Dieses Versäumnis zeitigte bereits konkrete außenpolitische Auswirkungen, warnt der konservative Intellektuelle Slobodan Antonic:

„Der Begriff euroatlantische Integration prägte seit dem Jahre 2000 die außenpolitische Orientierung Serbiens. 2007 wurde aus dem Begriff der Teil atlantisch gestrichen, wegen der Abneigung der NATO gegenüber. Mit der neuen Rolle der EU als Geburtshelfer des kosovarischen Staates wird auch die Integration in die Europäische Union in Frage gestellt.“

In Frage gestellt hat sich die aber auch EU selbst, und zwar durch ihre inkonsequente Politik gegenüber Serbien. So setzte die EU Gespräche über den Vertrag über Stabilisierung und Assoziation ein Jahr aus, weil der mutmaßliche Kriegsverbrecher Ratko Mladic nicht verhaftet wurde. Mladic ist noch immer in Freiheit, trotzdem wurde der Vertrag von Brüssel im Winter paraphiert:

„Jetzt sind einige EU-Länder sogar bereit, den Vertrag zu unterschreiben, ohne dass Mladic verhaftet wäre. Ständig gibt es eine Art Kuhhandel und damit wird der Eindruck erweckt, dass die EU keine seriöse Organisation ist; dass das eine Art Handelsgesellschaft ist, der man beitreten kann, wenn man nur hartnäckig und unverschämt ist. Auf diese Wahrnehmung bauen Kostunica und Nikolic ihre Kritik an der EU auf, und das leuchtet der einfachen Bevölkerung ein. Natürlich tragen heimische Politiker die Hauptverantwortung, doch die Mitverantwortung Brüssels ist groß.“

… betont Dusan Janic, Vorsitzender des Forums für ethnische Beziehungen in Belgrad. Dieses Schwanken der EU hängt mit dem Kosovo-Status und der Präsidentenwahl in Serbien zusammen.
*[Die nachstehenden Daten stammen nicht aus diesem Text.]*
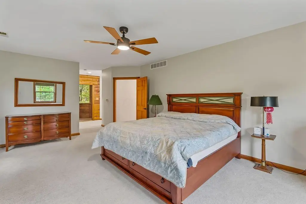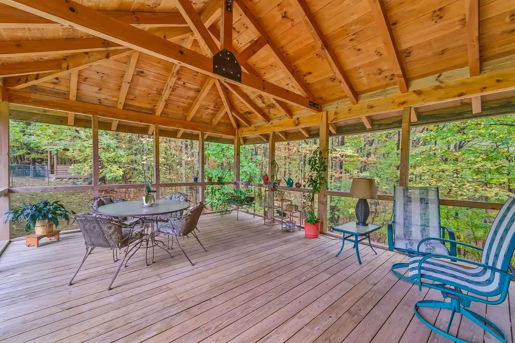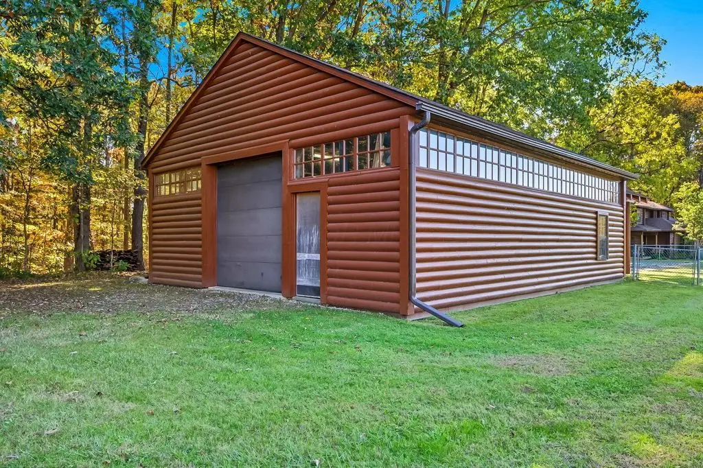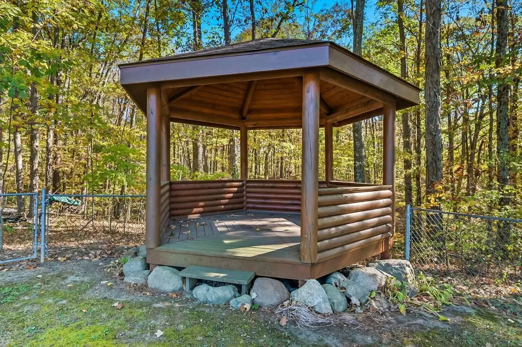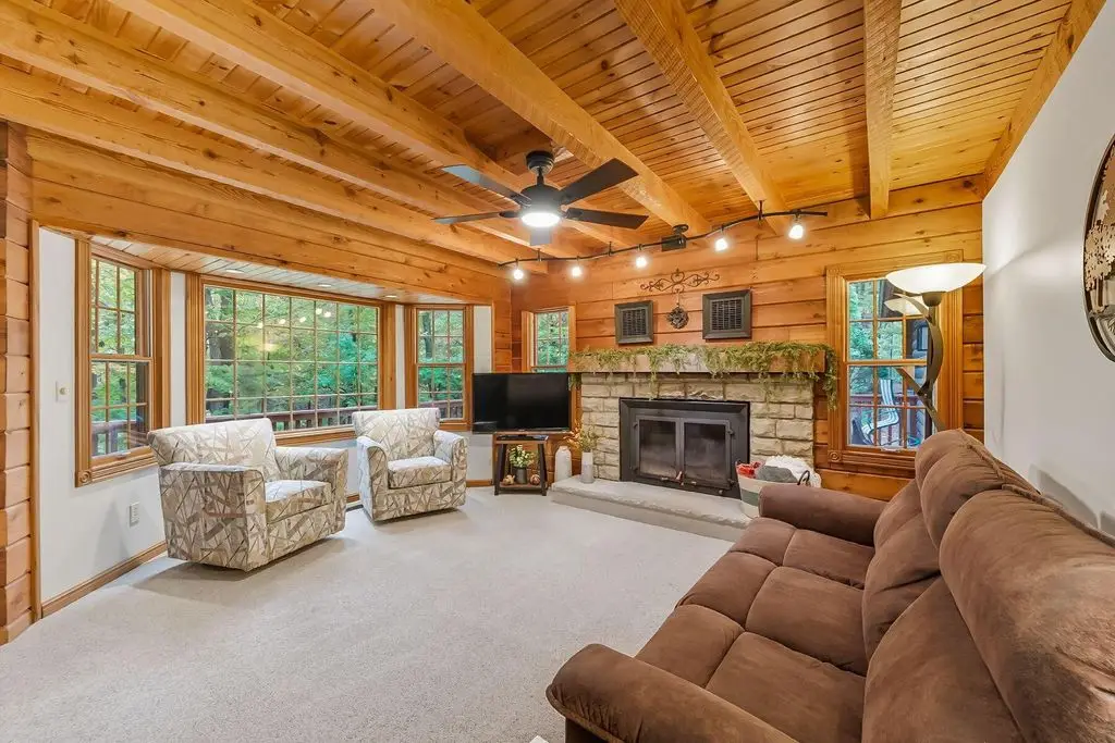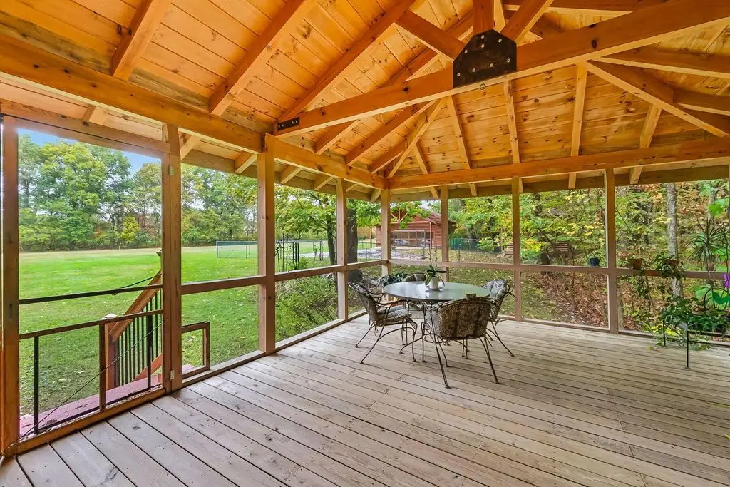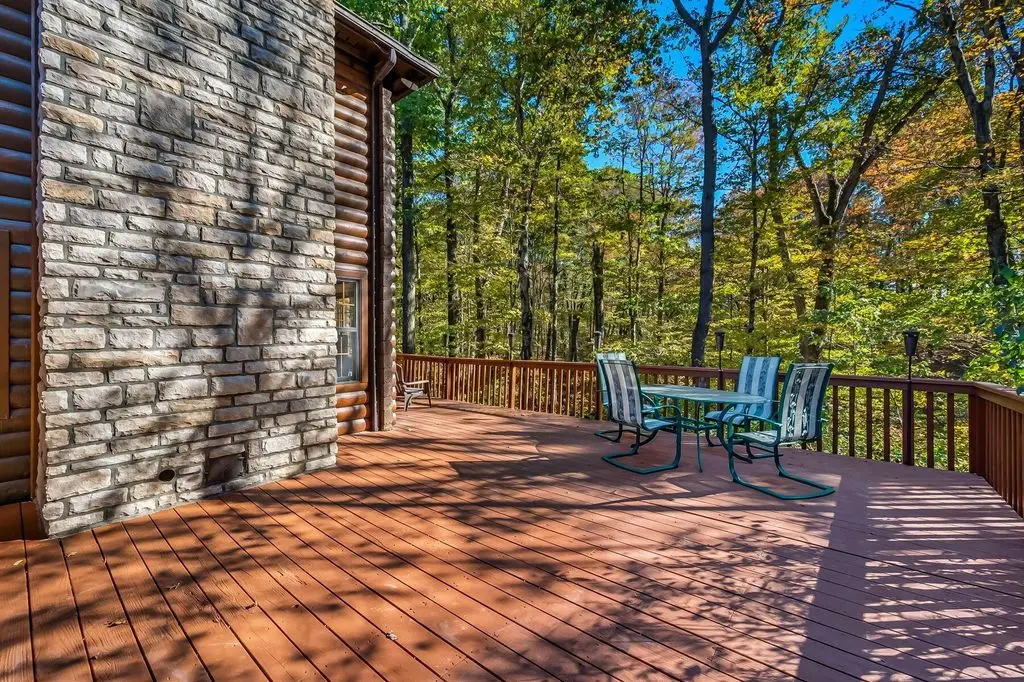 One-of-a-Kind Western Red Cedar log home on 3.5 Acres in Olentangy Schools! Escape to your own private retreat nestled on 3.5 wooded acres and accessed by a secluded driveway beneath a canopy of trees. Surrounded by nature, this unique property offers panoramic views of lush woods, a serene ravine, and a peaceful stream - truly a haven for nature lovers. Inside, you'll find over 3500 sq ft of flexible living space, including: 3 spacious bedrooms upstairs, featuring a deluxe primary suite with a spa-like bath and a private balcony overlooking breathtaking scenery. A main-level bedroom or home office with an adjoining full bath - perfect for guests or remote work space. Inviting living and dining areas, plus a cozy family room with a Century wood-burning fireplace for those chilly Ohio evenings. A finished walk-out basement with a large rec room, wet bar, and a fourth full bathroom - ideal for entertaining or multi-generational living. Outdoor amenities abound with an expansive screened porch for relaxing and enjoying the sights and sounds of nature, an in-ground swimming pool for summer fun, a 30x40 pool house/pole building - great for storage, hobbies, or workshop space, and a peaceful gazebo to enjoy the panoramic scenery. Also featuring a large rear deck overlooking the wooded ravine, perfect for gatherings or quiet mornings with coffee. Recent updates include a new geothermal heating system (2020), new hot water heater (2017), new roof (2022), and Pella windows throughout.All this, just minutes from I-71, Tanger Outlets, and the Polaris area. Don't miss your chance to own this extraordinary property that blends rustic charm with modern comfort!
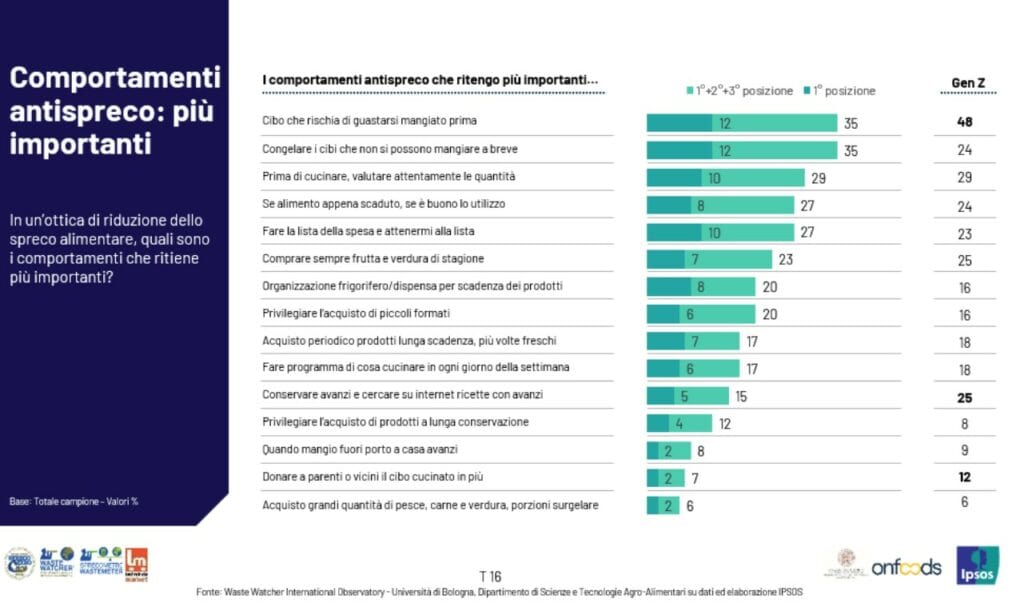 Per gli italiani, le strategie più efficaci contro lo spreco sono gesti semplici: consumare prima ciò che rischia di deteriorarsi, congelare, cucinare porzioni adeguate. Sono pratiche già radicate e percepite come realistiche anche per il futuro. È un segnale importante: la prevenzione non si gioca sulle innovazioni lontane, ma sulla capacità di dare valore a ciò che si ha in casa.
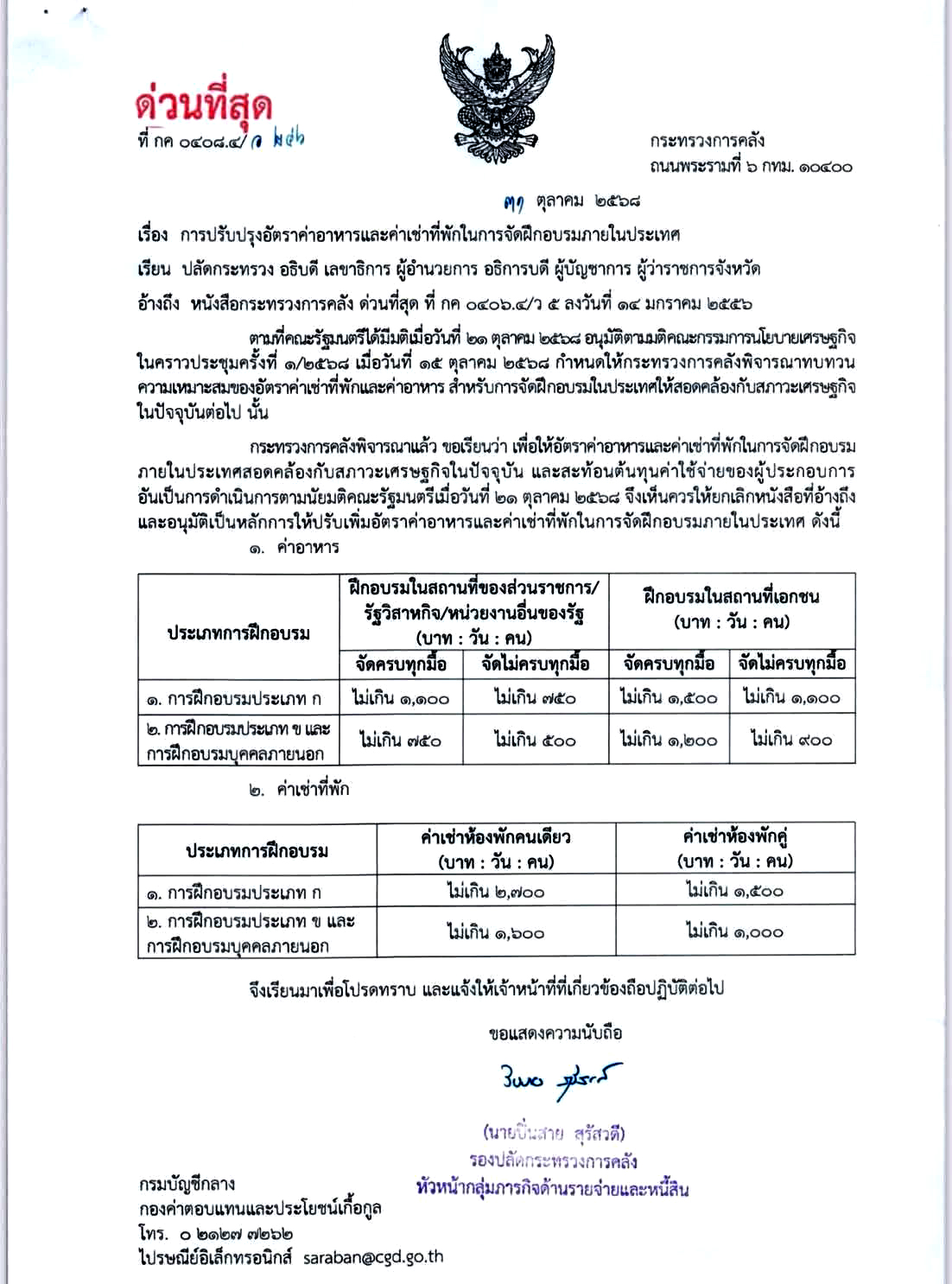 - การปรับปรุงอัตราค่าอาหารและค่าเช่าที่พักในการจัดฝึกอบรมภายในประเทศ ที่ กค 0408.4/ว 246 (31 ต.ค. 2568)
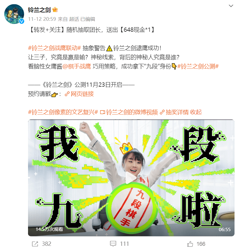 11月12日公布与“战鹰”联动,连着6天发布“整活内容”,打造“战鹰小剧场”将内容分为三弹,把玩梗融入视频内容,详细介绍了游戏玩法、展示游戏画面。
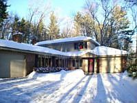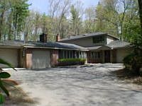 RARE FIND - ONE LEVEL LIVING WITH 3 CAR GARAGE ON 1 ACRE. This updated, 4 bedroom, Open Concept, Contemporary Ranch with Bungalow Flair is nestled in a wooded setting and trimmed with stone walls that gives you the feeling you are escaping to YOUR OWN RETREAT, while being just minutes from the schools, tennis courts, pool and every convenience. This is a HOME FOR ALL HOLIDAYS. Gleaming hardwood greets you as you enter the foyer leading you to the spacious dining and living room with wood burning stove and fireplaced family room with dining area. Yes, everyone will gather in this kitchen. Of course a subzero refrigerator, granite, garland commercial 4-burner gas range with griddle, JenAire wall oven & microwave. Walls of windows offer views of nature, grilling patio and fire pit patio. The Master Suite with private patio & 2 bedrooms are on the main level. Another Suite with Office/Den and laundry room on 2nd level. Has In law potential and is wired for a generator. NEW Greenhouse!
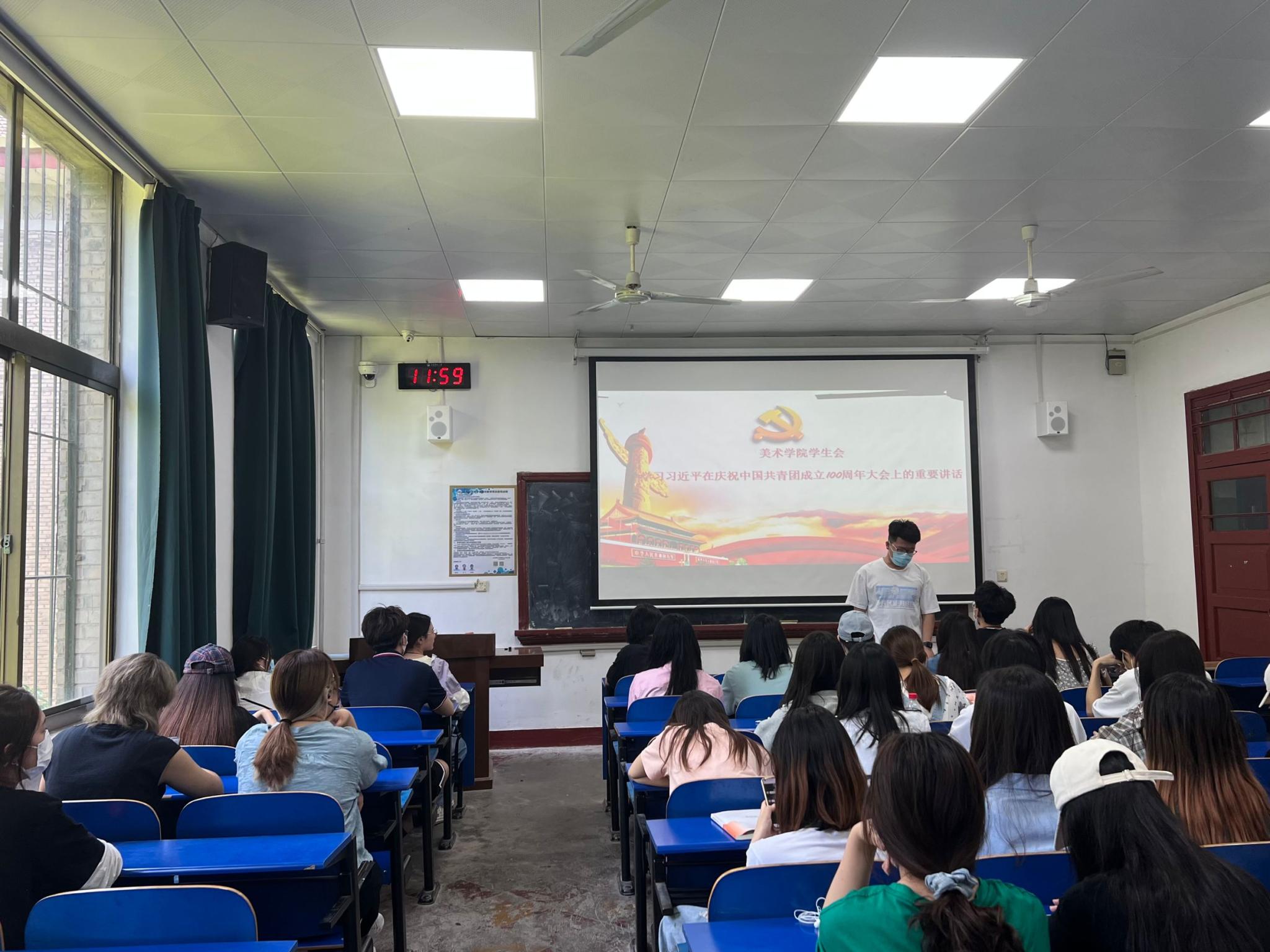 美术学院团委委员、团干部、学院学生会学习观看了庆祝中国共产主义青年团100周年大会直播。在大会直播结束后,团学代表进行了认真学习和座谈交流,并分享了自己的心得体会。
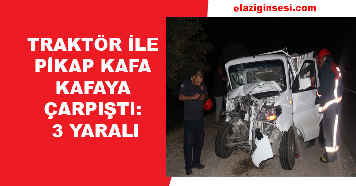 Elazığ’da traktör ile pikabın kafa kafaya çarpışması sonucu meydana gelen kazada 3 kişi yaralandı
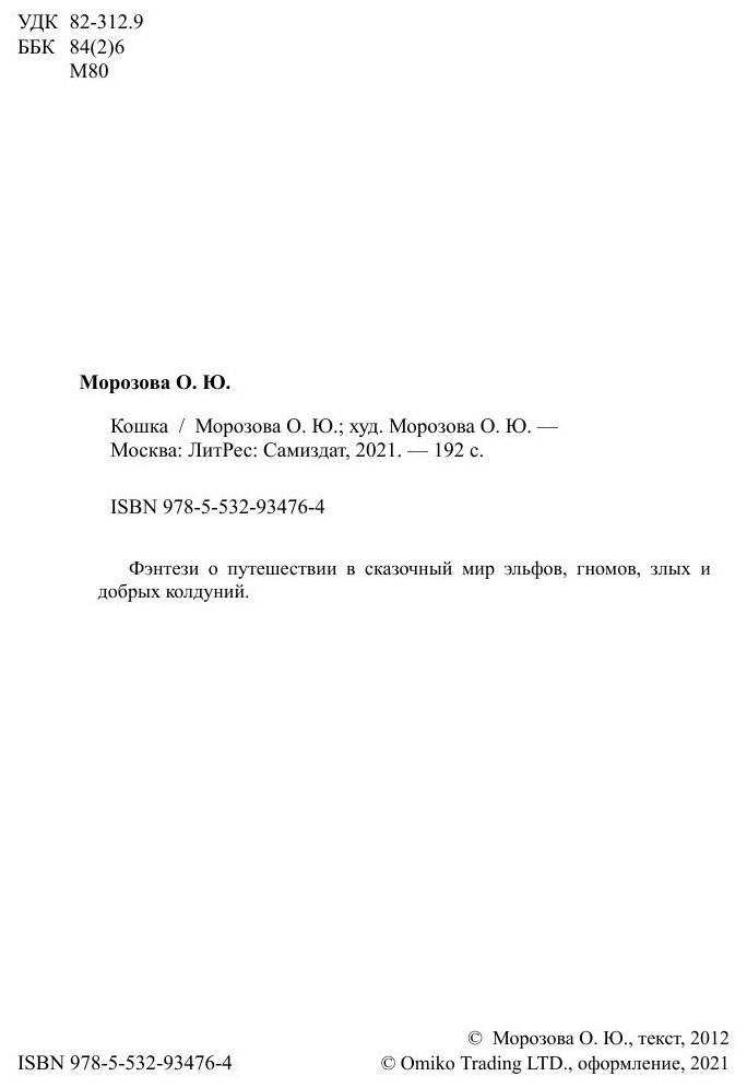 Книга: Кошка (Ольга Юрьевна Морозова); Автор, 2012
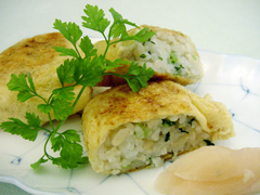 焼き上がりに、しょうゆをさっとひと塗りし軽く焼く。
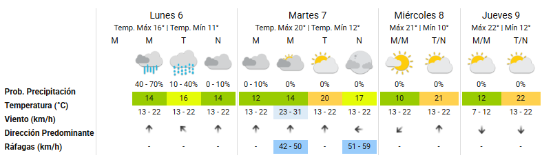 • Condición actual: Lloviznas intermitentes en toda la franja norte.
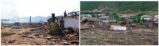 On 30 August 2016, the area experienced torrential rains brought by Typhoon Lionrock, which overflowed the Tumen River and brought huge amounts of water into the plains at least once. Consequently, North Korean state media distributed photographs of damage related to our study area. As previously mentioned, the media described the flood as the biggest national disaster since 1945, and casualties reached several hundred, including those dead and missing. Some 68,900 people had lost their homes, and there were also reports that “about 11,600 houses were destroyed, and that some 29,800 other houses suffered huge damage” [2]. Figure 2 shows images of the flood damage in Hoeryeong City.
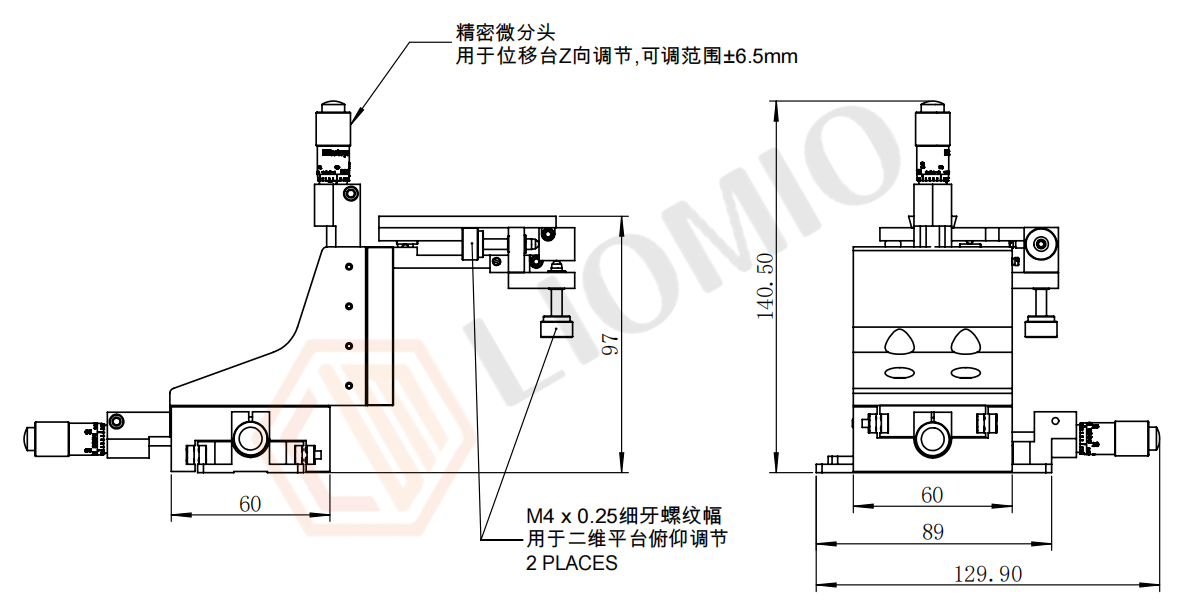 微分头(线性部分) + M4 螺纹副(旋转部分) |
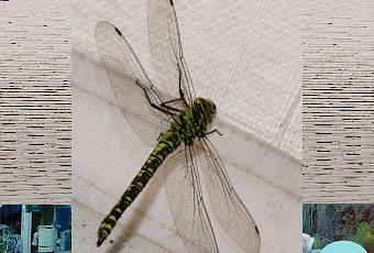 Par exemple, cette libellule qui avait bien trouvé comment rentrer sous le chapiteau, mais pas comment ressortir… Du coup, j’ai pris des photos d’elle « pendue au plafond »
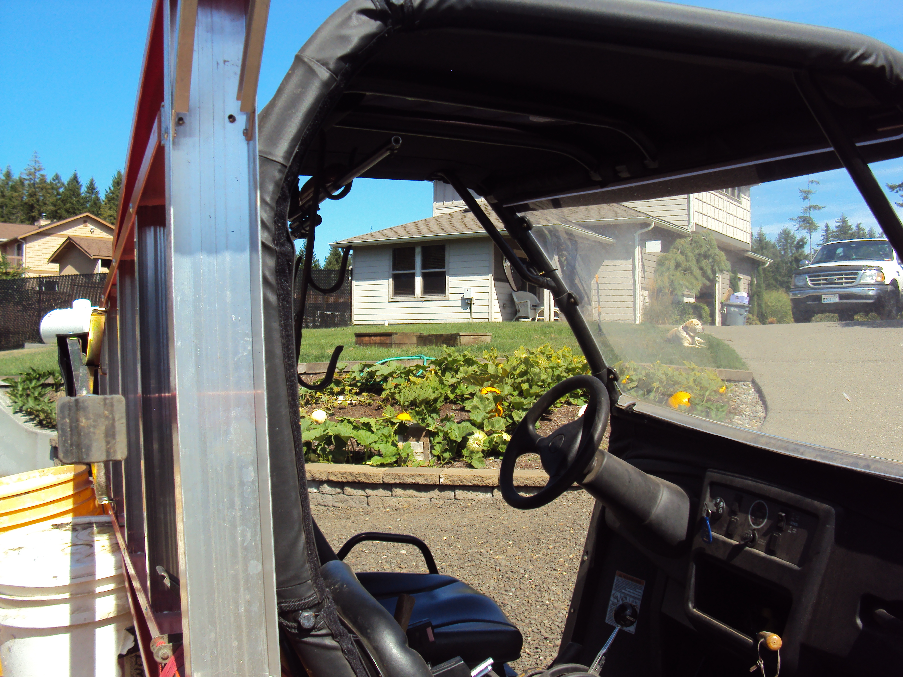 It wasn’t 48 hours later that the subject pumpkin drafted for this endeavour exceeded its parameters and became wedged in the new constrictive environment. A quick check this morning confirms Rick’s observation. My grandson Hayden is going to have a very unique pumpkin this fall.

Denn Boris Tadic kann auf die kleineren pro-europäischen Parteien zählen, deren Wähler jedoch weit weniger verlässlich sind als die Anhänger von Tomislav Nikolic:

„Sollte es zur Unterzeichnung des Vertrages über Stabilisierung und Assoziation mit der EU kommen, wäre es kein Problem, dieses Wählerpotential auch zu den Urnen zu bringen. Das zeigt sich in den Umfragen. Wenn wir fragen, ob diese Wähler zur Wahl gehen, wenn der Vertrag unterschrieben wird, steigt der Stimmenanteil von Tadic um einige Prozentpunkte; das zeigt wie wichtig die Unterzeichnung wäre, damit Tadic die Wahlen gewinnt.“

… analysiert der Meinungsforscher Srdjan Bogosavljevic. Doch gegen die Unterzeichnung sind nicht nur die Niederlande, sondern in Serbien auch Ministerpräsident Vojislav Kostunica, und zwar wegen der Kosovo-Politik der EU. Kostunica repräsentiert die nationalkonservative politische Mitte, deren Kandidat die Stichwahl nicht erreichen wird. Dieses Lager schwankt zwischen EU und Kosovo, und umfasst etwa 400.000 Stimmen. Um sie kämpfen Tadic und Nikolic. Wie sich Kostunica verhalten wird, ist unklar, politisch steht er heute jedenfalls Nikolic näher als Tadic. Kostunica war es auch, der den Wiederaufstieg des Nationalismus in Serbien massiv gefördert hat. Dieses geistige Klima könnte Serbien in die Isolation führen, und Boris Tadic im zweiten Durchgang die Wahl kosten; doch auch Tadic hat es verabsäumt, schonungslos und medienwirksam mit den Mythen aufzuräumen, die in Serbien Slobodan Milosevic noch lange überdauern werden.